The pictures are to be left out, and all remaining data is to be transcribed exactly as it appears.

BEGIN RAW DATA

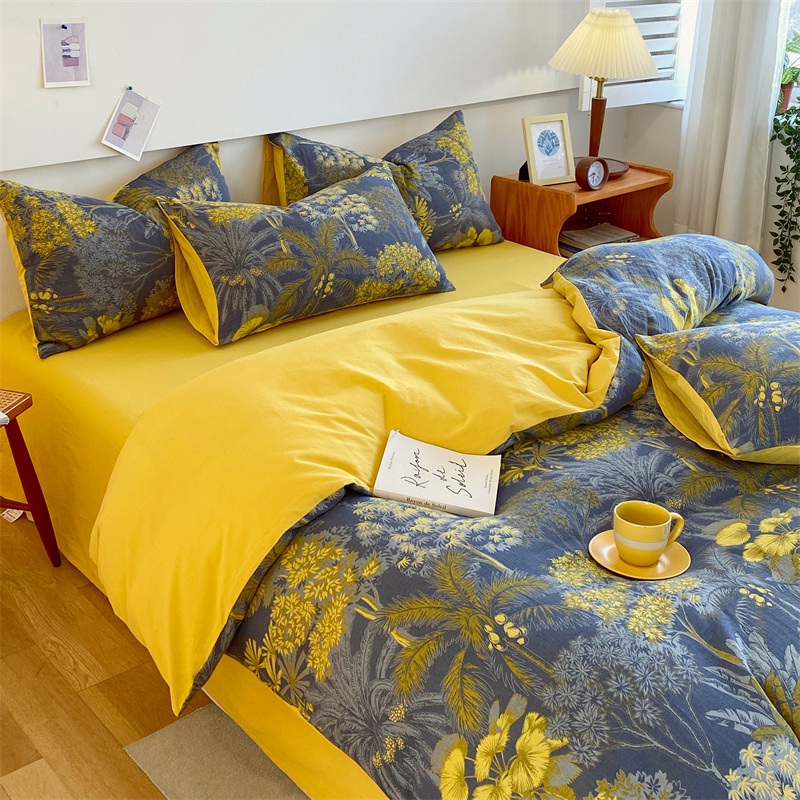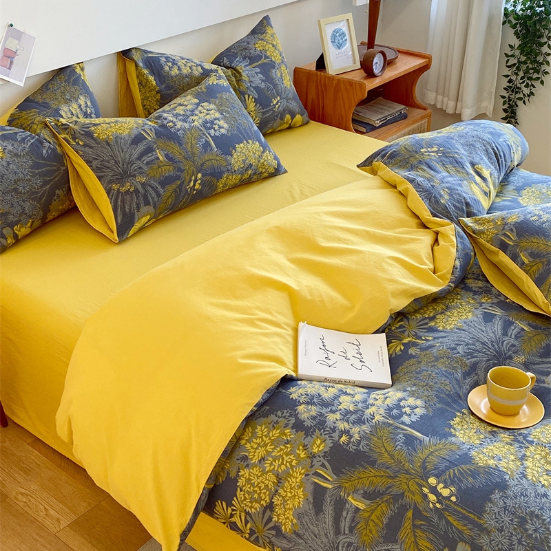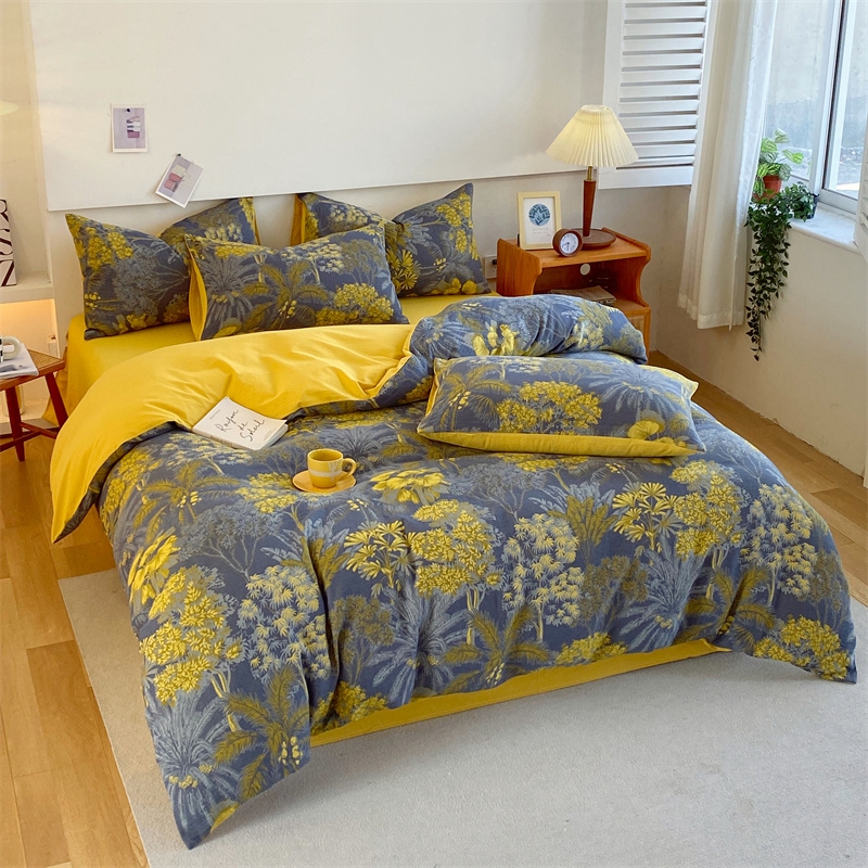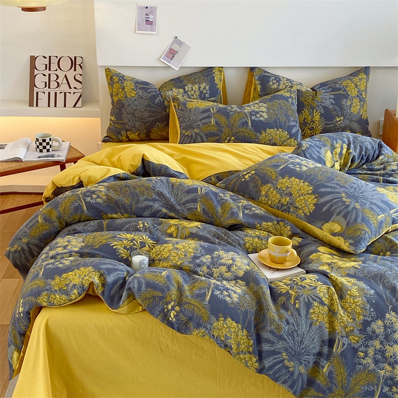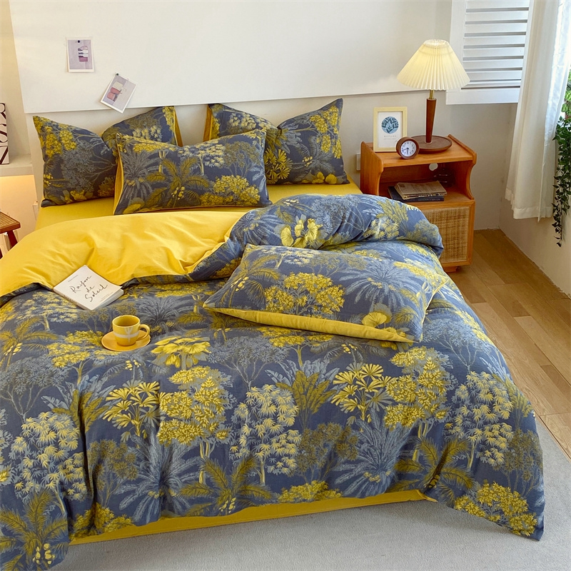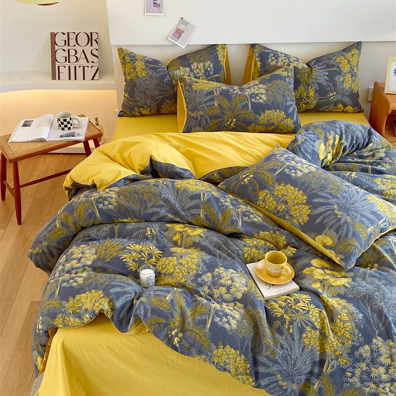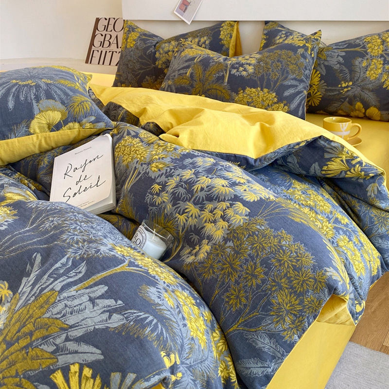 2024新款全棉纯棉双层纱三层纱立体提花四件套 森林奇境
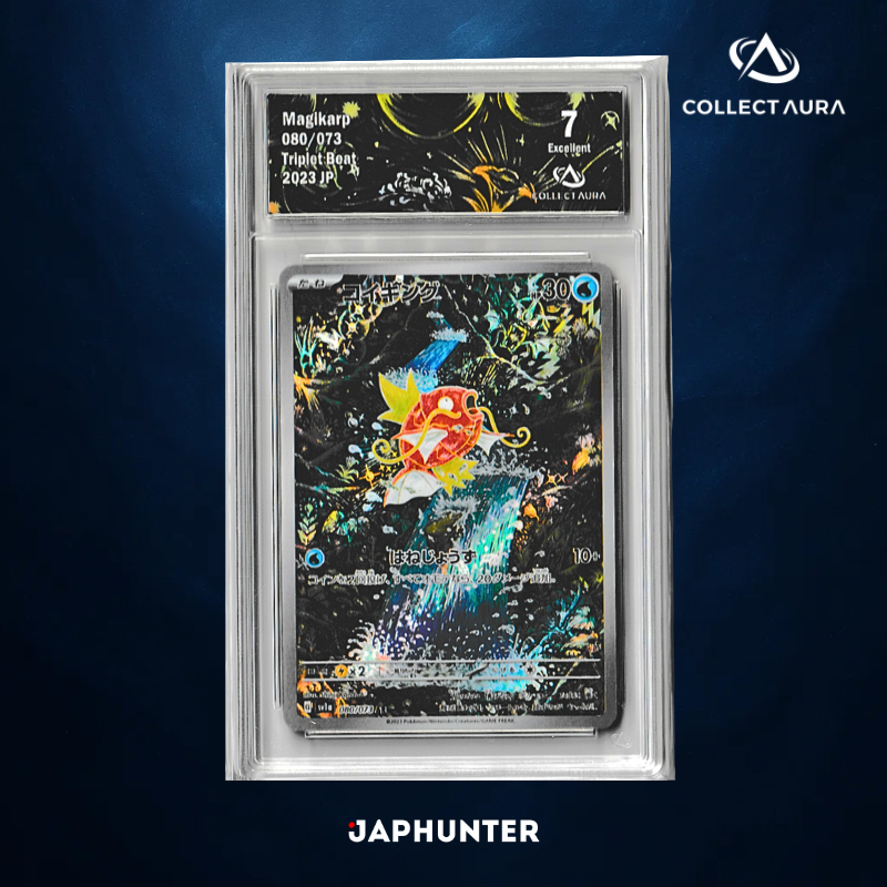 Dive into the world of artistic brilliance with this stunning Magikarp AR (Art Rare) from the Japanese Triplet Beat set, released in 2023. This card features one of the most visually striking designs in modern Pokémon TCG, showcasing Magikarp in a breathtaking underwater scene with cascading waterfalls and dramatic lighting.
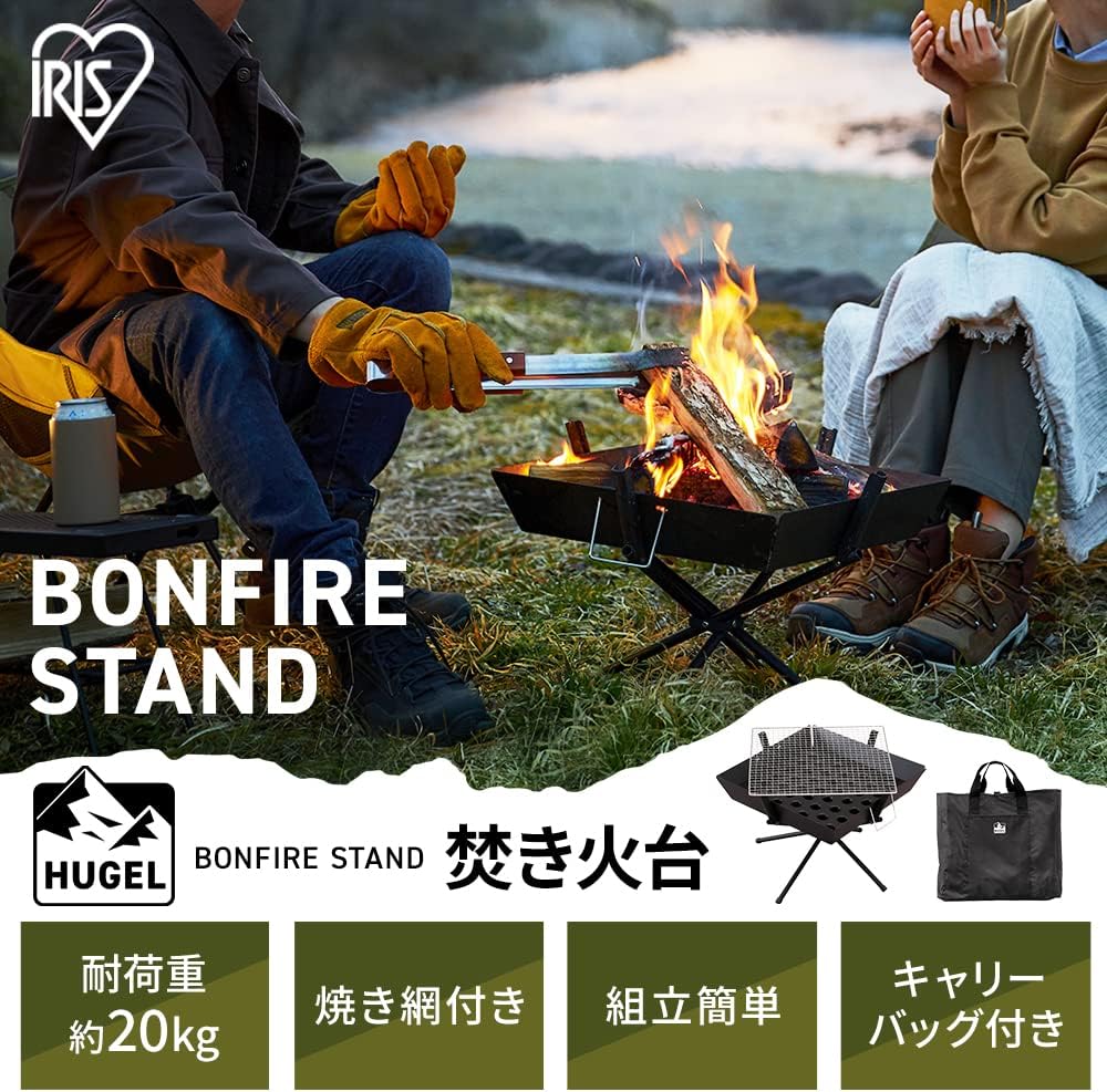 『アイリスオーヤマ』の焚き火台は、工具を使わず、各パーツを組み合わせるだけで簡単に組み立てられるのが魅力。ロストルが付属しており、四隅の設計によって空気の流入がスムーズに行われ、炭の調整や燃焼がしやすいのが特徴です。

END RAW DATA

REPLY
 2024新款全棉纯棉双层纱三层纱立体提花四件套 森林奇境
 Dive into the world of artistic brilliance with this stunning Magikarp AR (Art Rare) from the Japanese Triplet Beat set, released in 2023. This card features one of the most visually striking designs in modern Pokémon TCG, showcasing Magikarp in a breathtaking underwater scene with cascading waterfalls and dramatic lighting.
 『アイリスオーヤマ』の焚き火台は、工具を使わず、各パーツを組み合わせるだけで簡単に組み立てられるのが魅力。ロストルが付属しており、四隅の設計によって空気の流入がスムーズに行われ、炭の調整や燃焼がしやすいのが特徴です。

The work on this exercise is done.